### What to do
Reproduce each entry exactly, so that everything except the pictures is carried over.

### Dataset content
.....

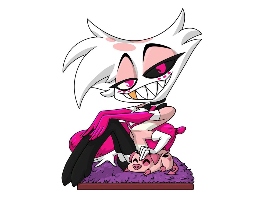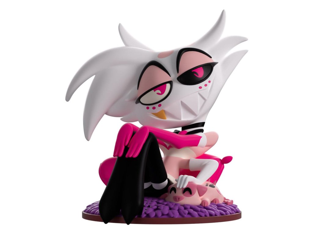 'Hej tatíčku', Youtooz byl obdařen přítomností skutečné hvězdy s debutem Angel Dust! Leží na hlubokém nachovém koberci a opírá se o pár jasně růžových polštářů o výšce 3,8 palce, jeho hlava je roztomile nakloněná na stranu, pod tajemnými polouzavřenými bílými a černými očima se krčí šibalský úsměv plný zubů a jeho husté bílé vlasy se odklánějí na stranu. S jedním párem růžových rukavic, které jsou nataženy a odpočívají na zdvižených kolenou, druhý pár bílých rukavic trčí z boků jeho růžového a bílého pruhované trička, aby pohladil ospalý tukový nugget. Exteriér jeho obalu vidí nachovou, s polštáři naloženou postel pokrytou kožešinou, zatímco řetězy živých srdcí visí ze stropu. Interiér krabice je pokryt elegantní červenou vzorovanou tapetou, která pokračuje na ochranný rukáv, kde se mění na hlubokou černou a ukazuje tmavý cityskape, zatímco jeho postava může být viděna skrze velké průhledné okno na přední straně obalu. Tento sběratelský předmět je dodáván v matném, reliéfním, ochranném vnějším rukávu a v plastové ochraně na míru pro maximální ochranu během přepravy. O Hazbin Hotelu: Hazbin Hotel je animovaný hudební seriál vytvořený Vivienne 'VivziePop' Medrano, který sleduje Charlie Morningstar, princeznu pekla, v jejím cíli 'rehabilitovat' hříšníky, aby mohli vstoupit do nebe přes její 'Hazbin Hotel'. Pilotní díl byl původně vydán na YouTube v roce 2019 a první řada měla premiéru na Amazon Prime Video v roce 2024, což znamenalo největší debut nového animovaného seriálu na platformě.
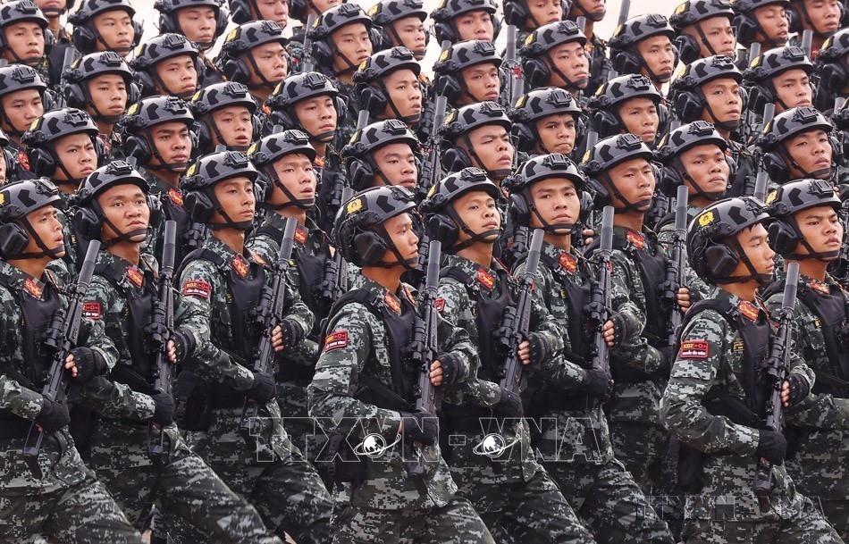 Quốc phòng, an ninh được Đảng ta xác định là nhiệm vụ “trọng yếu, thường xuyên” và luôn được coi trọng đẩy mạnh tổng kết thực tiễn, nghiên cứu phát triển lý luận để không ngừng bổ sung, hoàn thiện. Trong ảnh: Khối nam chiến sĩ Cảnh sát đặc nhiệm diễu binh trên Quảng trường Ba Đình trong Lễ kỷ niệm 80 năm Cách mạng tháng Tám thành công và Quốc khánh 2/9. Ảnh: Văn Điệp - TTXVN
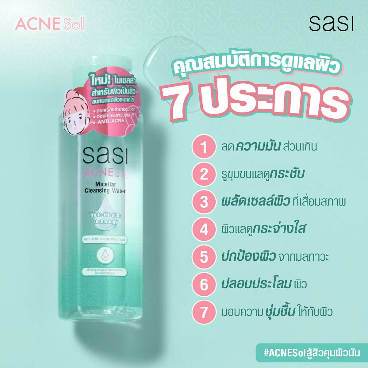 Sasi Acne Sol Micellar Cleansing Water คลีนซิ่ง 100g.
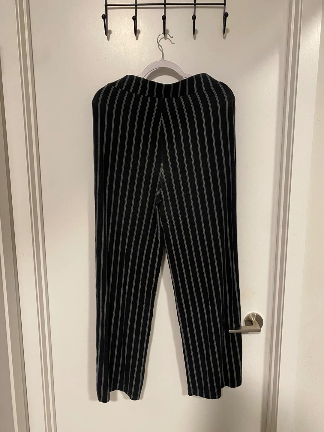 Comfy, black and striped pants. These have a wide leg style very stretchy and comfortable. Super easy to dress up or down. Well loved. Size M – L.
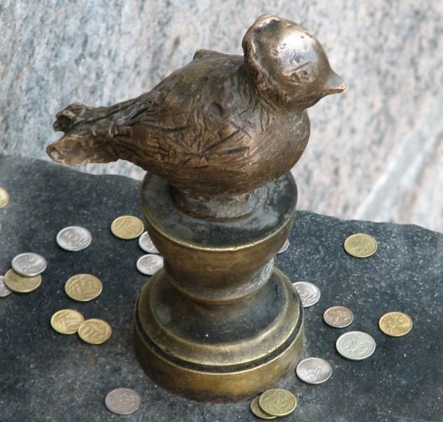 И самым известным героем нашей статьи, конечно же, будет Чижик-пыжик. Памятник персонажу шуточных песенок был установлен 19 ноября 1994 года у Первого Инженерного моста, рядом с Михайловским замком. Эта маленькая птичка является одной из самых известных достопримечательностей города. Место установки памятника выбрано не случайно: неподалеку раньше располагалось Императорское училище правоведения, студентов которого и называли чижиками-пыжиками (за расцветку их мундиров, напоминавшую оперение чижей, и форму шапок). Чижик-пыжик — самый маленький памятник в Петербурге, его высота – 11 см, а вес – 5 кг. С этой маленькой скульптурой связанно несколько поверий. Первое из них гласит: если загадать желание и бросить монетку так, чтобы она осталась лежать на постаменте, желание непременно сбудется. Вторая подходит молодоженам: согласно ей, если жениху удастся опустить на веревке наполненную водкой рюмку и чокнуться с клювом чижика, не разбив её, то в семье будет царить счастье и благополучие.
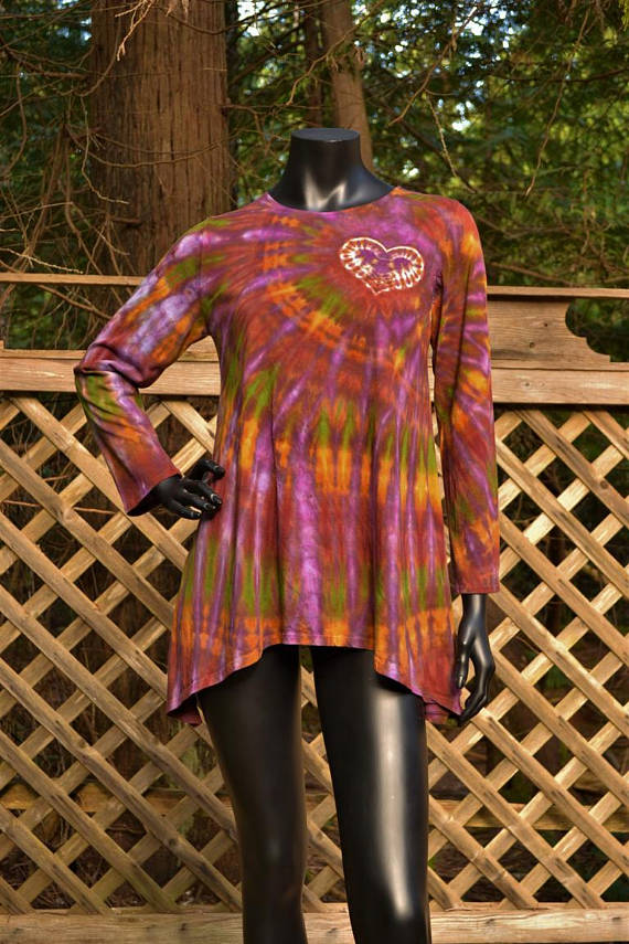 These 100% 6.5oz Jersey cotton asymmetrical tie dye long sleeve tunics have a pretty boat neck and flatteringly flow away at the hip.
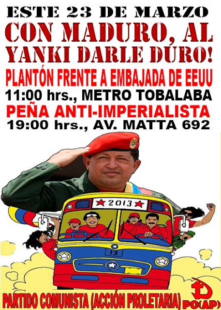 Sábado 23 de Marzo: “Con Nicolás Maduro, al yanqui dale duro”, nos juntaremos en el Metro Tobalaba, a las 10:30 horas am, para realizar posteriormente un plantón en el frontis de la embajada yanqui y rechazar la intervención en las próximas elecciones en Venezuela.
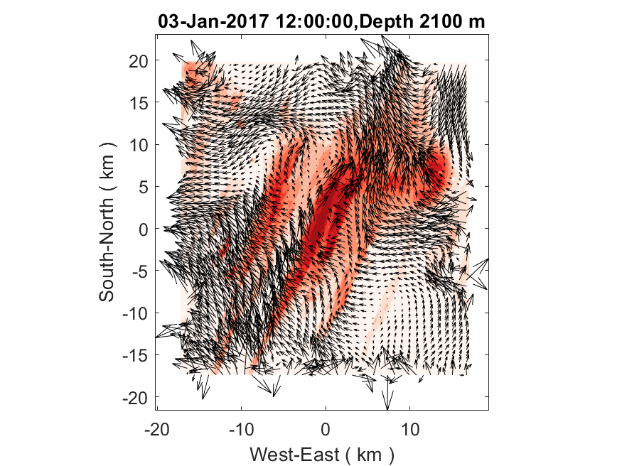 The plots below show 2D velocities and the 3D velocities sampled at 1000 m depth. The two-way results are on the left and the one-way results are on the right. For those one-way results, I averaged the fine-grid solutions based on the 5:1 refinement ratio and used the averages to replace the coarse-grid solutions at collocated grid points. It is noticeable that the two-way results show apparent discontinuities near the nesting interface. The disruption in flow mostly occurs at the locations where the bathymetry changes significantly across the nesting interface. In comparison, the one-way results are much smoother, in which the nesting interface appears almost transparent, which is a sign that the interface is behaving properly. Such differences between one-way and two-way experiments are persistent in all the tests I have done that feature realistic bathymetry as shown in my previous posts.

.....

### Solved exercise
 'Hej tatíčku', Youtooz byl obdařen přítomností skutečné hvězdy s debutem Angel Dust! Leží na hlubokém nachovém koberci a opírá se o pár jasně růžových polštářů o výšce 3,8 palce, jeho hlava je roztomile nakloněná na stranu, pod tajemnými polouzavřenými bílými a černými očima se krčí šibalský úsměv plný zubů a jeho husté bílé vlasy se odklánějí na stranu. S jedním párem růžových rukavic, které jsou nataženy a odpočívají na zdvižených kolenou, druhý pár bílých rukavic trčí z boků jeho růžového a bílého pruhované trička, aby pohladil ospalý tukový nugget. Exteriér jeho obalu vidí nachovou, s polštáři naloženou postel pokrytou kožešinou, zatímco řetězy živých srdcí visí ze stropu. Interiér krabice je pokryt elegantní červenou vzorovanou tapetou, která pokračuje na ochranný rukáv, kde se mění na hlubokou černou a ukazuje tmavý cityskape, zatímco jeho postava může být viděna skrze velké průhledné okno na přední straně obalu. Tento sběratelský předmět je dodáván v matném, reliéfním, ochranném vnějším rukávu a v plastové ochraně na míru pro maximální ochranu během přepravy. O Hazbin Hotelu: Hazbin Hotel je animovaný hudební seriál vytvořený Vivienne 'VivziePop' Medrano, který sleduje Charlie Morningstar, princeznu pekla, v jejím cíli 'rehabilitovat' hříšníky, aby mohli vstoupit do nebe přes její 'Hazbin Hotel'. Pilotní díl byl původně vydán na YouTube v roce 2019 a první řada měla premiéru na Amazon Prime Video v roce 2024, což znamenalo největší debut nového animovaného seriálu na platformě.
 Quốc phòng, an ninh được Đảng ta xác định là nhiệm vụ “trọng yếu, thường xuyên” và luôn được coi trọng đẩy mạnh tổng kết thực tiễn, nghiên cứu phát triển lý luận để không ngừng bổ sung, hoàn thiện. Trong ảnh: Khối nam chiến sĩ Cảnh sát đặc nhiệm diễu binh trên Quảng trường Ba Đình trong Lễ kỷ niệm 80 năm Cách mạng tháng Tám thành công và Quốc khánh 2/9. Ảnh: Văn Điệp - TTXVN
 Sasi Acne Sol Micellar Cleansing Water คลีนซิ่ง 100g.
 Comfy, black and striped pants. These have a wide leg style very stretchy and comfortable. Super easy to dress up or down. Well loved. Size M – L.
 И самым известным героем нашей статьи, конечно же, будет Чижик-пыжик. Памятник персонажу шуточных песенок был установлен 19 ноября 1994 года у Первого Инженерного моста, рядом с Михайловским замком. Эта маленькая птичка является одной из самых известных достопримечательностей города. Место установки памятника выбрано не случайно: неподалеку раньше располагалось Императорское училище правоведения, студентов которого и называли чижиками-пыжиками (за расцветку их мундиров, напоминавшую оперение чижей, и форму шапок). Чижик-пыжик — самый маленький памятник в Петербурге, его высота – 11 см, а вес – 5 кг. С этой маленькой скульптурой связанно несколько поверий. Первое из них гласит: если загадать желание и бросить монетку так, чтобы она осталась лежать на постаменте, желание непременно сбудется. Вторая подходит молодоженам: согласно ей, если жениху удастся опустить на веревке наполненную водкой рюмку и чокнуться с клювом чижика, не разбив её, то в семье будет царить счастье и благополучие.
 These 100% 6.5oz Jersey cotton asymmetrical tie dye long sleeve tunics have a pretty boat neck and flatteringly flow away at the hip.
 Sábado 23 de Marzo: “Con Nicolás Maduro, al yanqui dale duro”, nos juntaremos en el Metro Tobalaba, a las 10:30 horas am, para realizar posteriormente un plantón en el frontis de la embajada yanqui y rechazar la intervención en las próximas elecciones en Venezuela.
 The plots below show 2D velocities and the 3D velocities sampled at 1000 m depth. The two-way results are on the left and the one-way results are on the right. For those one-way results, I averaged the fine-grid solutions based on the 5:1 refinement ratio and used the averages to replace the coarse-grid solutions at collocated grid points. It is noticeable that the two-way results show apparent discontinuities near the nesting interface. The disruption in flow mostly occurs at the locations where the bathymetry changes significantly across the nesting interface. In comparison, the one-way results are much smoother, in which the nesting interface appears almost transparent, which is a sign that the interface is behaving properly. Such differences between one-way and two-way experiments are persistent in all the tests I have done that feature realistic bathymetry as shown in my previous posts.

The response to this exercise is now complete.